Re: How to 'normalise' this scenario

From: Bob Badour <>
Date: Wed, 18 May 2011 07:46:39 -0700
Message-ID: <>

Fred. wrote:

> On May 18, 7:14 am, Erwin <> wrote:

>>On 17 mei, 21:50, "Fred." <> wrote:
>>>On May 17, 11:16 am, Erwin <> wrote:
>>>>On 17 mei, 13:16, Frank Millman <> wrote:
>>>>>On May 17, 12:08 pm, Erwin <> wrote:
>>>>>>On 16 mei, 08:50, Frank Millman <> wrote:
>>>>>Hi Erwin
>>>>>Thanks for your comments - you have got me thinking.
>>>>>I have stripped most of the comments, because what I have left is the
>>>>>crux of the matter.
>>>>>>You have not stated what "the requirement" is.
>>>>>Let's take an example we should all be familiar with - a file system.
>>>>>Assume that we have a lot of files, and we have a table where each row
>>>>>represents one file, with columns such as file name, disk address,
>>>>>date created, date last modified, etc.
>>>>>You can sort the table by name, creation date, etc. However, it is
>>>>>getting difficult to manage, so a bright spark comes up with the idea
>>>>>of directories/folders.
>>>>>The user can create directories on demand, place directories within
>>>>>directories, assign files to directories, move files between
>>>>>directories, etc.
>>>>>The requirement is to create a database structure to represent the
>>>>>My guess is that you could use an adjacency list or a nested set for
>>>>>this purpose.

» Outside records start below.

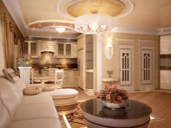 Si la pièce a des plafonds bas, vous pouvez augmenter la hauteur en utilisant un éclairage spécial. L'intérieur de style classique se distingue par la présence de meubles lourds, et certains éléments peuvent être intégrés dans une niche tout à fait.
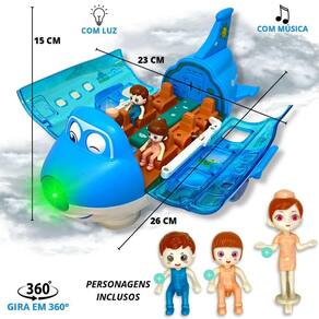 O avião possui personagens interativos, que permitem dar asas a imaginação, estimulando cenários e situações, juntamente com suas luzes coloridas e sons ,mantém as crianças entretidas com muita animação.
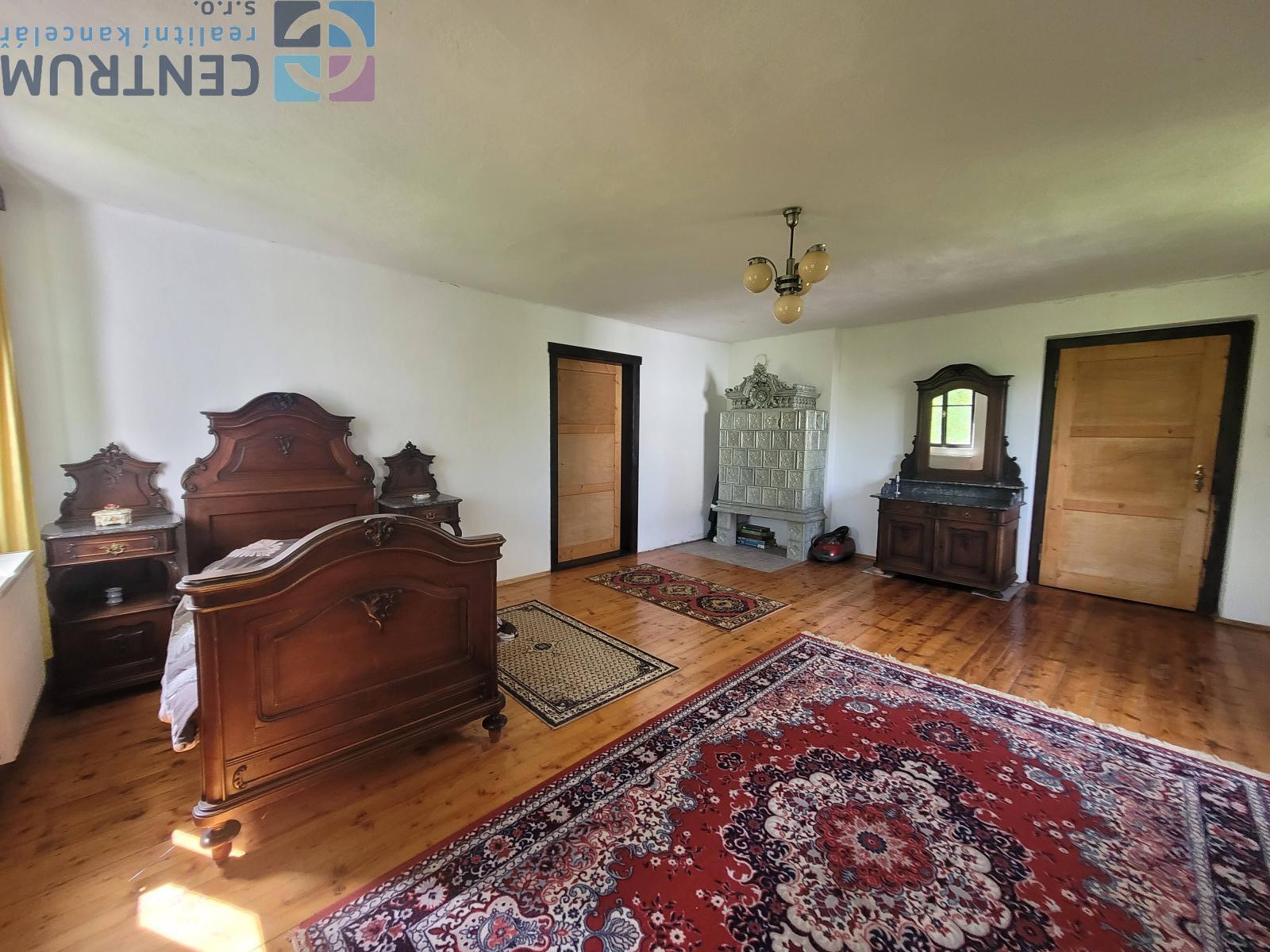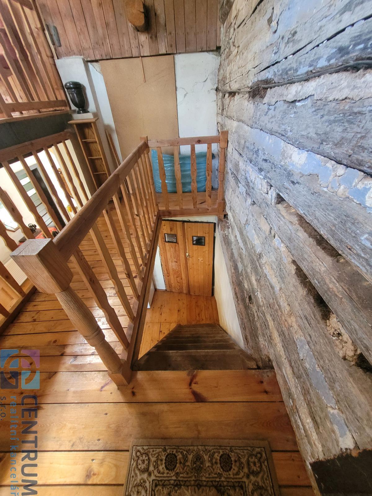 1. patro : dřevěné schodiště, komora v mezipatře, chodba a dva prostorné pokoje, které v současné době slouží jako ložnice. K domu náleží klenutý sklep ( 15 m2 ) vč studánky, kterou je možno využít jako užitkovou vodu.

However, where I am getting stuck is, how does one link
>>>>>an entry in the 'files' table to an entry in the 'directories' table,
>>>>>to indicate that a particular file resides in a particular directory.
>>>>>I have been trying to create an entry in the 'directories' table that
>>>>>represents, or points to, a 'file'. From your comments, it would
>>>>>appear that this is the wrong approach.
>>>>>I could carry on and speculate further, but I think this is a good
>>>>>time to pause and ask if this is a good example, and ask if there is a
>>>>>preferred solution.
>>>>That you're now thinking is a good thing :-)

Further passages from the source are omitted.